--- Supplied entries Enclosed Below ---

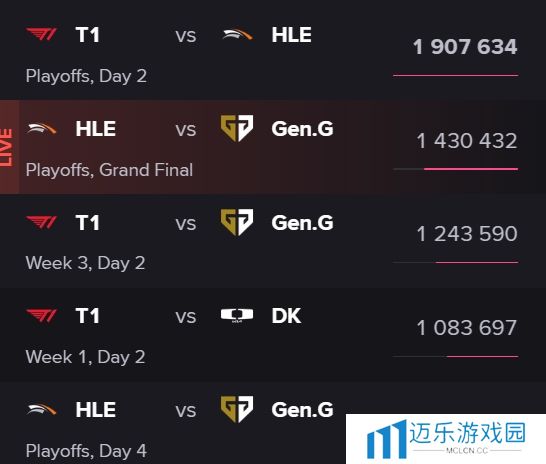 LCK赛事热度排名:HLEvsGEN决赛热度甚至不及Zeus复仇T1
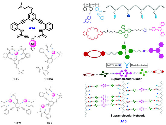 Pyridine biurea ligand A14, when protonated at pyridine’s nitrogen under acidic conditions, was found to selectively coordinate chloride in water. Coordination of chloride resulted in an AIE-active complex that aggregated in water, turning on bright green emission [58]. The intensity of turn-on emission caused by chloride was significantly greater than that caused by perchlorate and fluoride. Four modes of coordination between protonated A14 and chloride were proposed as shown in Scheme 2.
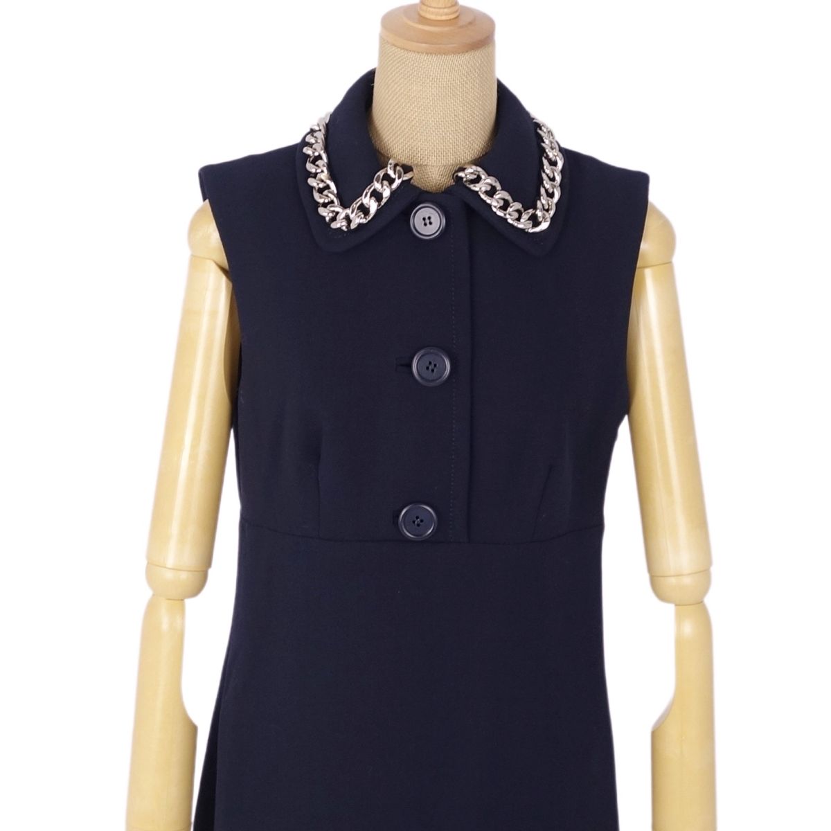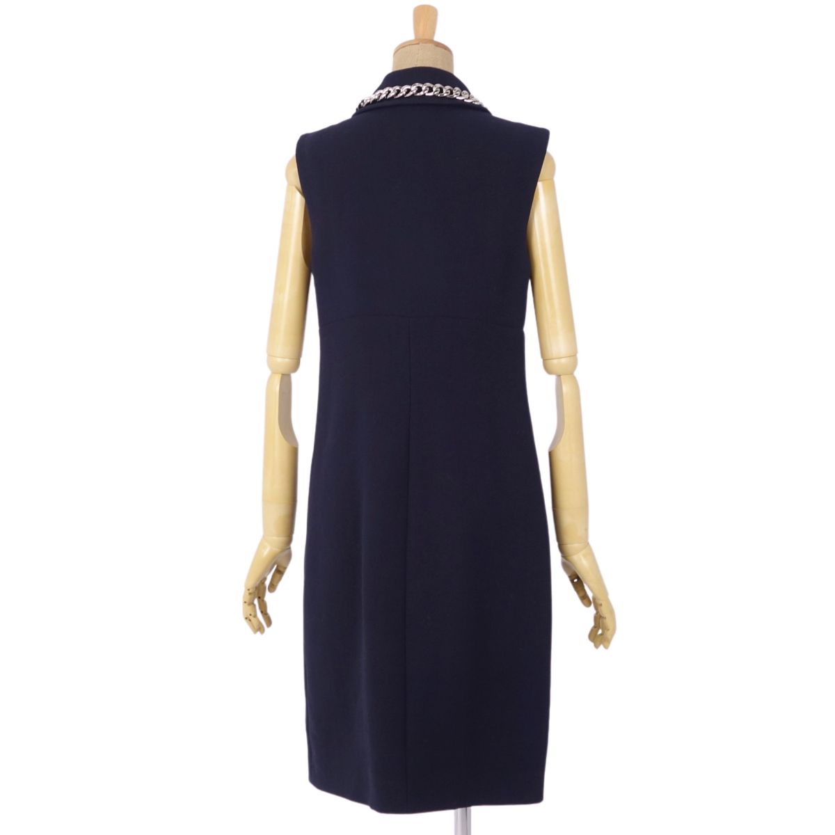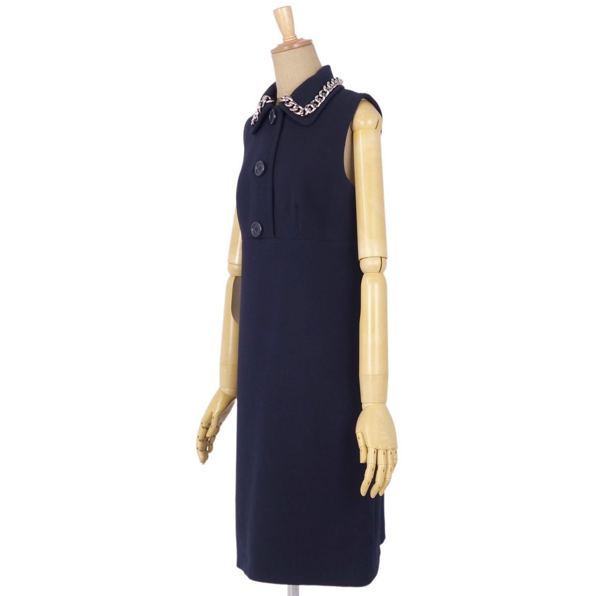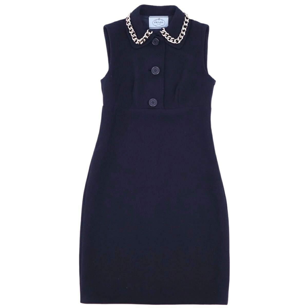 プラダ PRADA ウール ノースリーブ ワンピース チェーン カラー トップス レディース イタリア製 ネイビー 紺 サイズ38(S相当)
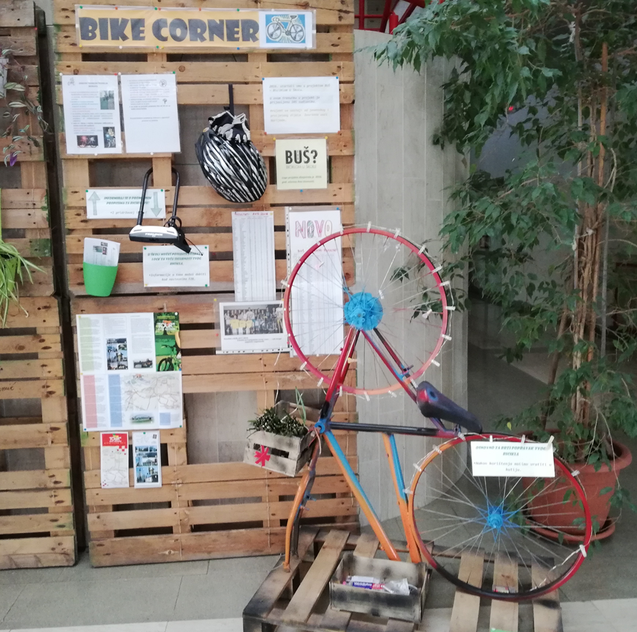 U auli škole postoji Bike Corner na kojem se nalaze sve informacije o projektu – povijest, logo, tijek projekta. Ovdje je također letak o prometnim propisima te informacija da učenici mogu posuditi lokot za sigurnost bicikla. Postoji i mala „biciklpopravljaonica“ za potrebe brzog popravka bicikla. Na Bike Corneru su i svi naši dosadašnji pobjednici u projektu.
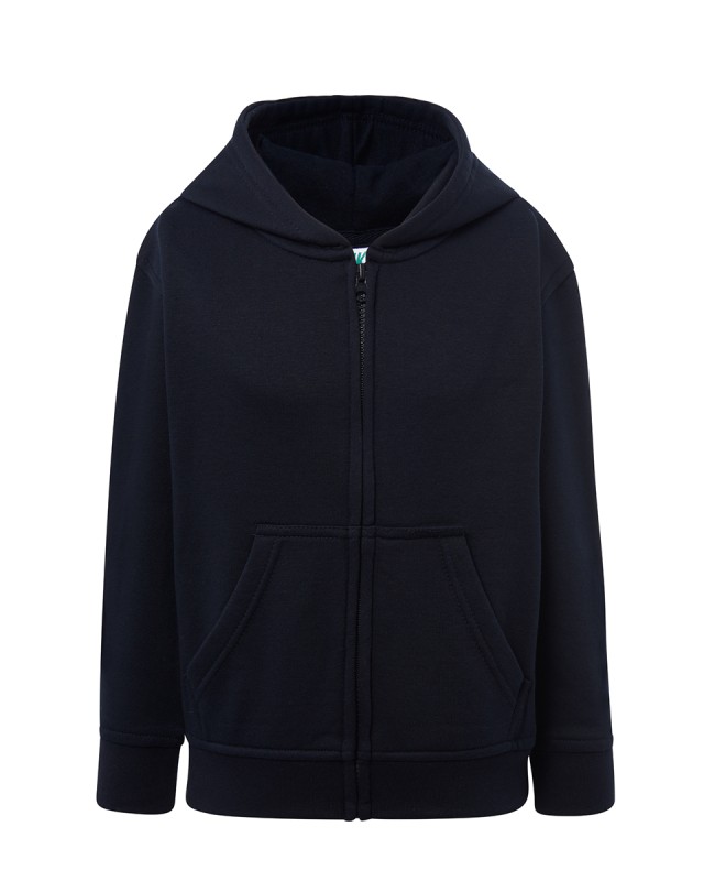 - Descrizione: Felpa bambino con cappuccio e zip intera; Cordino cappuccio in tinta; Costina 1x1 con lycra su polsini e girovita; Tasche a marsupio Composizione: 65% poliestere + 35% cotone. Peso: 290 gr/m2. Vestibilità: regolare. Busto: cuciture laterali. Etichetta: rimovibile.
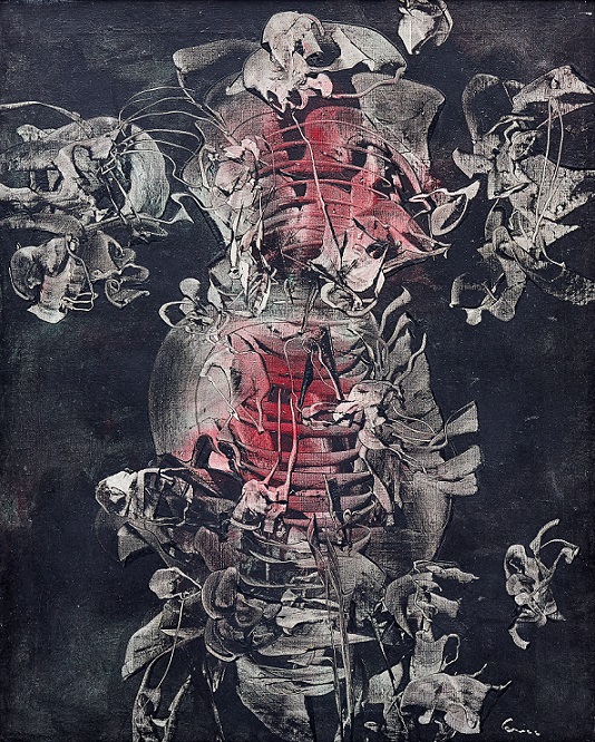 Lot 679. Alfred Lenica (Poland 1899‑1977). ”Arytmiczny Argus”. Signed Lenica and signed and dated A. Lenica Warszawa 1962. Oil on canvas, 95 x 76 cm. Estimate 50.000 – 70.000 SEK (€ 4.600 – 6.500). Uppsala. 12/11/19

--- End of Enclosed Supplied entries ---

Problem requirements: Only the lines from the start of the records to the one containing "プラダ PRADA ウール" should be repeated, exactly and with both ends kept; drop any pictures.

Task answer:
 LCK赛事热度排名:HLEvsGEN决赛热度甚至不及Zeus复仇T1
 Pyridine biurea ligand A14, when protonated at pyridine’s nitrogen under acidic conditions, was found to selectively coordinate chloride in water. Coordination of chloride resulted in an AIE-active complex that aggregated in water, turning on bright green emission [58]. The intensity of turn-on emission caused by chloride was significantly greater than that caused by perchlorate and fluoride. Four modes of coordination between protonated A14 and chloride were proposed as shown in Scheme 2.
 プラダ PRADA ウール ノースリーブ ワンピース チェーン カラー トップス レディース イタリア製 ネイビー 紺 サイズ38(S相当)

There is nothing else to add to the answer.